So, the key to ending the Ukraine conflict expeditiously is not in Washington. It’s in Riyadh. Unfortunately, the leaders of Saudi Arabia (the major OPEC producer) have chosen to stick with Russia, at least for now. Imagine that OPEC has the capacity (and they probably do) to replace the Russian supply of oil to Europe and the Asia Pacific at today’s prices (~$100/barrel). If the Saudis played that card, a dramatic increase in production would completely isolate Russia, giving Putin little recourse but to back down. And it has a precedent: The United States has already used its surplus of natural gas to ease European concern over Russian supplies.

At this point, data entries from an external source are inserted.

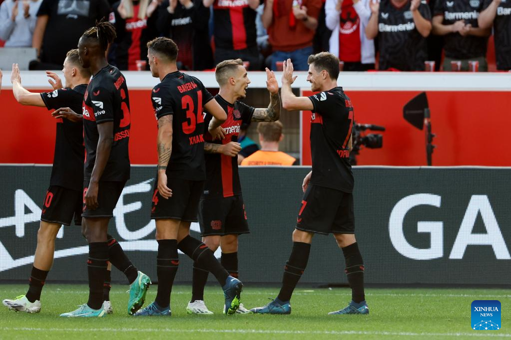 Players of Bayer 04 Leverkusen greet the audience after winning the first division of Bundesliga 5th round match between Bayer 04 Leverkusen and FC Heidenheim in Leverkusen, Germany, Sept. 24, 2023. (Photo by Joachim Bywaletz/Xinhua)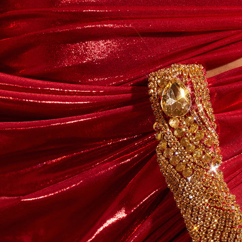 The Fingal One Shoulder Draped Metallic Maxi Dress transforms any occasion into a moment of elegance. Its asymmetrical one-shoulder design creates a sophisticated silhouette. while luxurious metallic fabric catches the light with every movement. The graceful draping adds dimension and fluidity. flattering your figure while delivering that coveted red-carpet glamour. Perfect for evening events. galas. or when you want to make an unforgettable impression. this statement piece combines modern style with timeless allure. Elevate your wardrobe with a dress that commands attention and exudes confidence.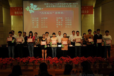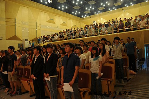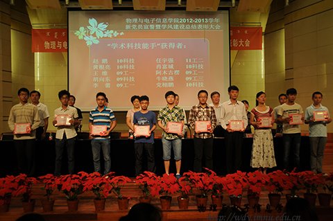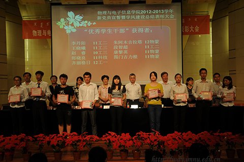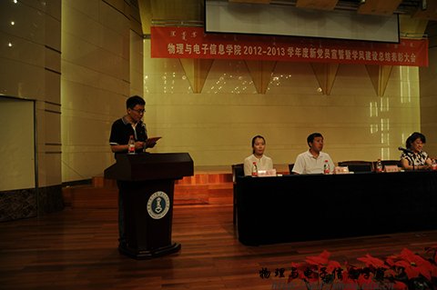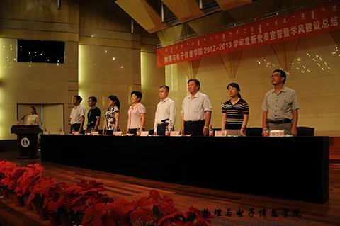 2013年7月1日,我院在逸夫楼音乐厅隆重召开2012—2013学年度新党员宣誓暨学风建设总结表彰大会。参加大会的领导有:党总支书记阿梅老师、院长特古斯教授、副院长吉日嘎拉教授、副院长刘美玲老师、党总支副书记何小龙老师、物理系主任张敏老师、电子系主任梁学军老师、实践创新部主任曹永军老师以及学院各班级班主任和任课老师。大会由团总支萨其尔主持。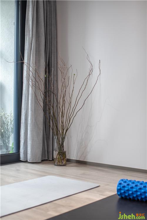 女主人平時喜歡做做瑜伽或者普拉提,所以特意設(shè)計了一間運動室。這里連接陽臺,做了立地窗的設(shè)計,讓主人可以一邊運動,一邊看著窗外的自然景色,更加的放松身心,享受生活。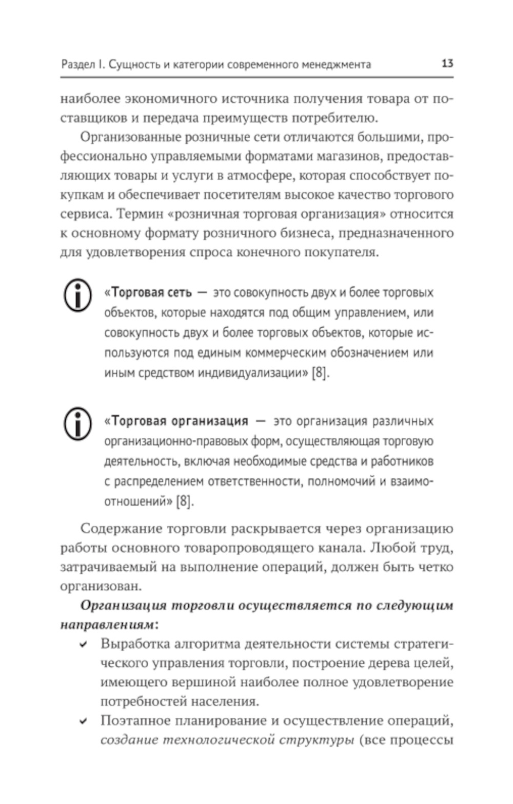 Учебное пособие подготовлено в соответствии с требованиями Федерального государственного образовательного стандарта среднего профессионального образования. В пособии отражен современный уровень знаний в области управления структурным подразделением, планирования и оценки эффективности деятельности торговой организации. Изложены темы: управление торговой организацией, система методов управления, организация работы трудового коллектива. Особое внимание уделено контролю выполнения работ исполнителями. Для студентов учреждений среднего профессионального образования, обучающихся по специальностям: 38.02.05 "Товароведение и экспертиза качества потребительских товаров", 38.02.04 "Коммерция (по отраслям)", 43.02.01 "Организация обслуживания в общественном питании"; по профессии 38.01.02 "Продавец, контролер-кассир". Учебное пособие имеет электронное приложение, в котором содержатся практические кейсы и вопросы к ним.| Издательство | Феникс |

Energy binds the world economy together, and the strategic use of energy policy/politics is an essential factor affecting global conflicts. I have provided one aspect of a complicated interconnection, but I have attempted to support it with data. Many more energy-related factors include oil and gas transportation via the Black Sea and the Soviet-era distribution logistics of domestic Russian fuel supplies (leading to a stalled invasion). Like the mantra of the Watergate investigations of the 1970s, “Follow the money”, we can “follow the energy” to understand (and affect) Ukraine.

1

Clausewitz cites the first reason familiar to players of the board game Risk, where defenders have a significant advantage over attackers.